3. Kalpataru Projects International:
Emkay reiterates its ‘Buy’ rating on Kalpataru Projects International (KPIL), setting a target price of Rs 1,550, indicating a potential upside of 15.9%. This construction and engineering company reported a 19.1% YoY decline in net profit to Rs 93 crore in Q1FY25, while revenue grew by 8.2% YoY to Rs 4,609 crore.
Analysts Ashwani Sharma and Chinmay Kabra noted that KPIL’s order inflow for the year stands at Rs 7,000 crore, down 5% YoY due to a higher base, despite strong growth in the power transmission & distribution (T&D) and water segments. The company has a robust order backlog of Rs 57,100 crore, with FY25 order inflow guidance set at Rs 23,000 crore.
A key positive for KPIL is its recent arbitration win against the National Highways Authority of India (NHAI) for two road projects. The company is also progressing with the divestment of Vindhyachal Expressway and Indore Real Estate, and expects to generate Rs 550 crore in cash flow from these two assets by FY25.
Sharma and Kabra project a 20% CAGR in revenue, 27% in EBITDA, and 38% in PAT over FY 25-27. The company’s strong order book and favorable industry conditions support a one-year forward PE ratio of 20 times.
4. Mankind Pharma:
Motilal Oswal maintains a ‘Buy’ rating on this pharmaceutical company with a target price of Rs 2,760, indicating a 13.7% upside. Analyst Tushar Manudhane notes that Mankind is focused on launching innovative products in the high-barrier chronic and consumer segments. The recent launch of Nimulid, a consumer wellness product, generated Rs 13.3 crore in revenue for FY24. Additionally, the company is expanding its presence in Tier I and metro cities through hospital partnerships.
Mankind’s acquisition of Bharat Serums and Vaccines (BSV) has enhanced its R&D, manufacturing, and institutional capabilities while gaining access to a specialty portfolio and a new distribution channel. BSV’s strong presence in women’s healthcare includes unique drugs with no direct competitors.
Manudhane is upbeat about Mankind’s expansion into new sectors such as pet food, agritech, and ayurveda (following the acquisition of Upakarma). He anticipates a 14% CAGR in earnings and a 180 bps margin expansion over FY25-26, driven by increased footprint in metro and Tier-I cities and expanding the number of brands in the Rs 50-100 crore range.
5. EFC:
Khambatta Securities gives a ‘Buy’ rating to small cap company EFC, setting a target price of Rs 863, which suggests a potential upside of 72.3%.This realty firm reported a net profit increase of 190.5% YoY to Rs 15.1 crore in Q1FY25 and its revenue grew 84.6% YoY to Rs 105.3 crore during the quarter. The company is in a PE buy zone.

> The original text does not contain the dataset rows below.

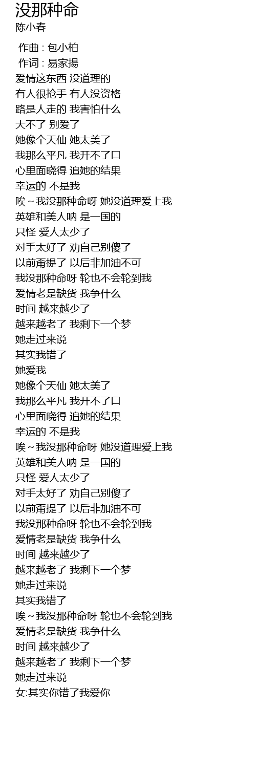 | [01:48.770] | wǒ méi nà zhǒng mìng ya lún yě bú huì lún dào wǒ |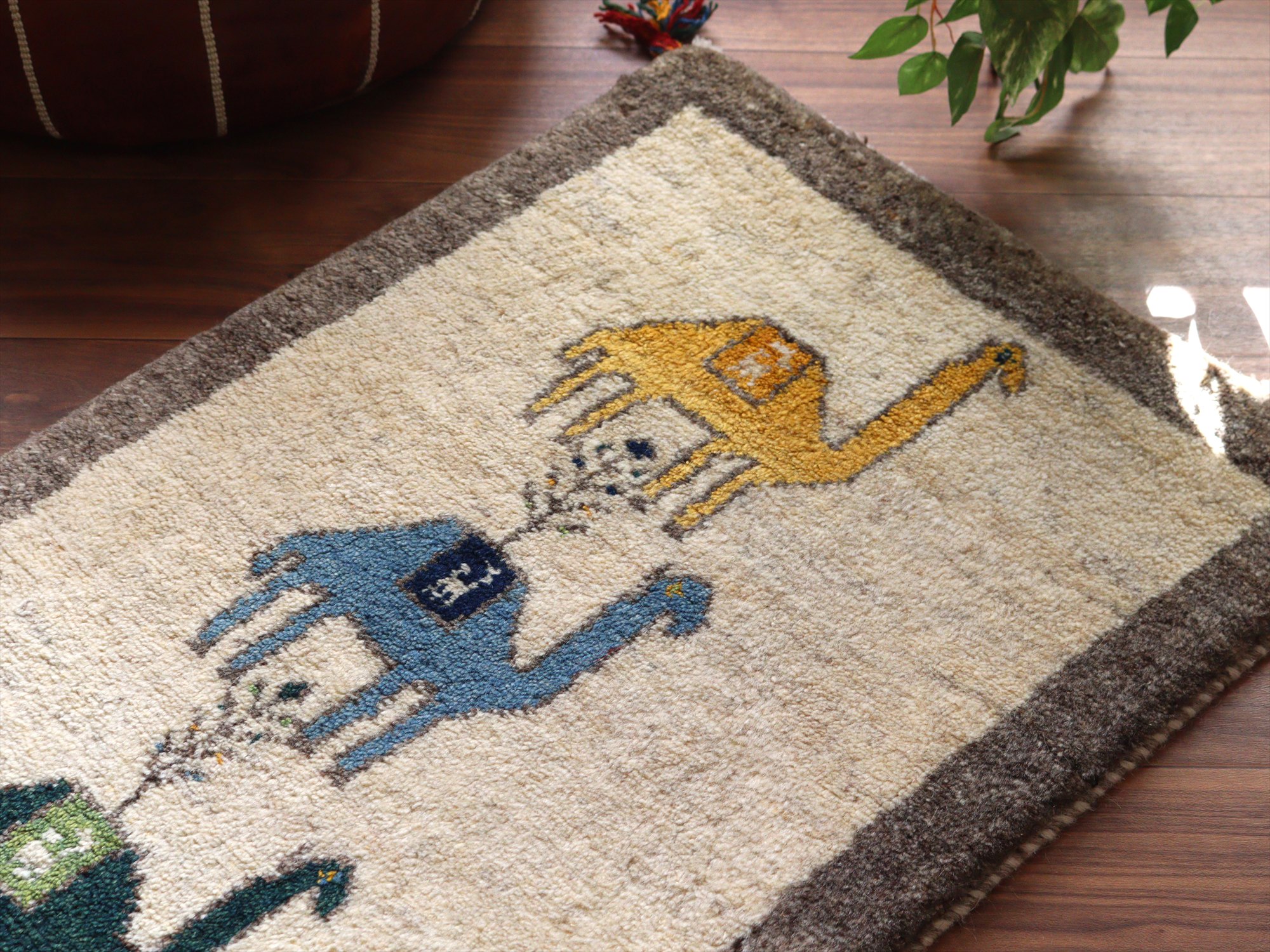 ギャッベ イラン産手織りラグ 88x55cm ラクダと植物 アイボリー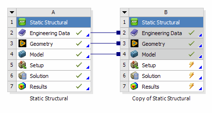 If the document has been saved, this cell will automatically be connected to the active model of the SpaceClaim session that launched Ansys Workbench, and the SpaceClaim document tabs will change to show the yellow Ansys Workbench icon.

The analyst notes that flexible office spaces have transformed India's commercial real estate sector, doubling from 29.3 million sq ft (MSF) in 2019 to 61 MSF in 2023, making it the fastest-growing market.The sector is projected to reach 126 MSF by 2028, absorbing over 40 MSF annually as companies return to office. EFC has established a strong market presence, delivering projects for major clients including Conneqt and Tech Mahindra, and securing its largest contract with Coforge to develop 100,000 square feet of commercial space.
The analyst expects revenue to grow at an annualized average rate of 77% over the next few years while forecasting a PAT CAGR of 105%, driven by profitability gains and adds that at a FY26 forward PE of 11.2 times, the EFC stock looks attractive.
Note: These recommendations are from various analysts and are not recommendations by Trendlyne.